Be Safe: Common Fall Hazards and How Can You Prevent Them

Date Publish: Jul 03, 2014

People slip and fall for many reasons wherever they may be. Fortunately, falls can be prevented. In your home, you can prevent falling down the stairs by providing handrails and watching out for any objects that you might step on. In nursing care institutions, such as a residential care home in Horsham, they may do everything possible to prevent their elderly patients from slipping or falling, such as ground floor bedrooms, slip-resistant or carpeted floors, or beds with guardrails for those who need them. While in the construction industry, they are mandated under the law to assess any fall hazards and provide preventive systems to ensure that workers are safe from falls.

If you are in the construction industry, here are common fall hazards and the steps to take to ensure your workers are safe from them:


In many workplaces or sites, a number of lost time, injuries, and fatalities are caused by falls, including:

  • Falls on the work surface, such as slips, and trips
  • Falls from heights, such as from stairs, ladders, ramps; from one work level to the other, and from the edge of a work level
  • Falls against or onto an object
  • Falls from moving vehicle/equipment
  • Fall into or through an opening, such as a manhole or wall openings


Prevent Falls from Heights

  • Barrier systems or guardrails should be provided to prevent falls from heights within interior and exterior spaces. When it comes to fall prevention, guardrails should be your first option. There are many uses of guardrail system in building construction or other construction sites, such as those used along stairways, balconies, near the edges of elevated floors, edges of roofs on buildings, building edges, other open edges, and wall or ground openings.
  • Scaffoldings should be erected on solid footing and be installed properly by a trained a competent team and regularly inspected every week. Make sure that they are rigid, sound, and sufficiently capable of carrying its own weight. They should be also be able to carry four times the maximum intended load without displacement or settling. Moreover, they must be fitted with midrails, guardrails, and toeboards.
  • Take precautions to prevent your workers falling from the ladder or board. You can use edge protection, such as safety barrier fencing, safety harnesses, or safety netting where the barrier is not feasible. Be sure that your crawling boards or roof ladders span at least three purlines or at least 600mm wide or more when the job requires it.
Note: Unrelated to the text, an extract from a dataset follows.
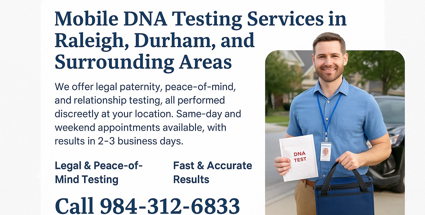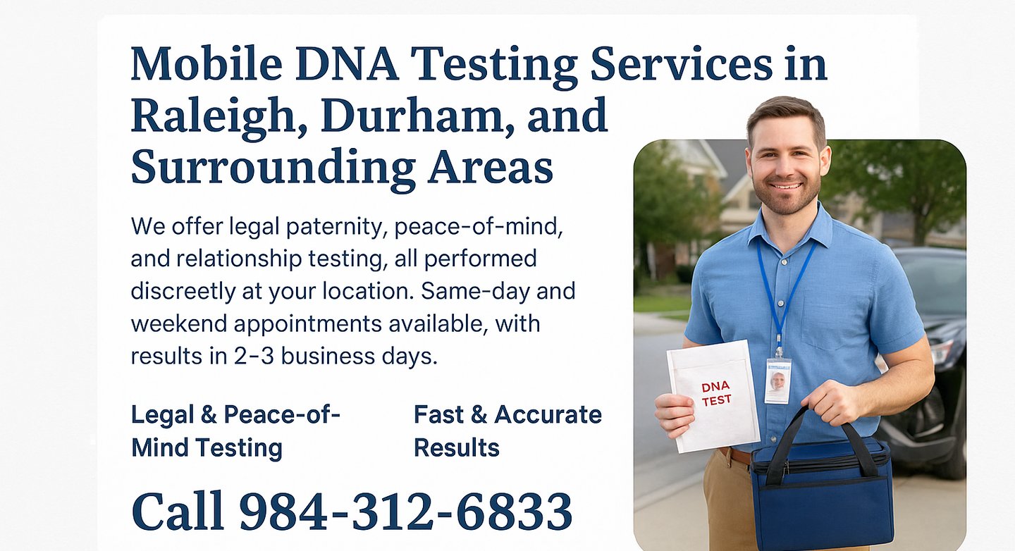 Call 984-312-6833 to book your mobile DNA testing in Raleigh, Durham, Henderson, Oxford, or Warrenton. Same-day and weekend appointments available.

Prevent Trips, Slips, and Falls

  • If your stairways have at least four or more risers or rising over 30 inches, you must provide at least one handrail or guardrails or both sides. Trips, slips, and falls on stairways are a primary source of injuries and fatalities among construction workers.
  • For your exterior walking surface, use materials that are not susceptible to elevation changes caused by freeze or thaw cycles.
  • Ensure that adequate illumination - both natural and artificial - for all of your interior and exterior areas is provided.

Whether at home, a Horsham residential care home, the office, at a construction site, or anywhere, safety is very important. You must practice a culture of safety and provide preventative systems to ensure that anyone may be safe while staying within your premises.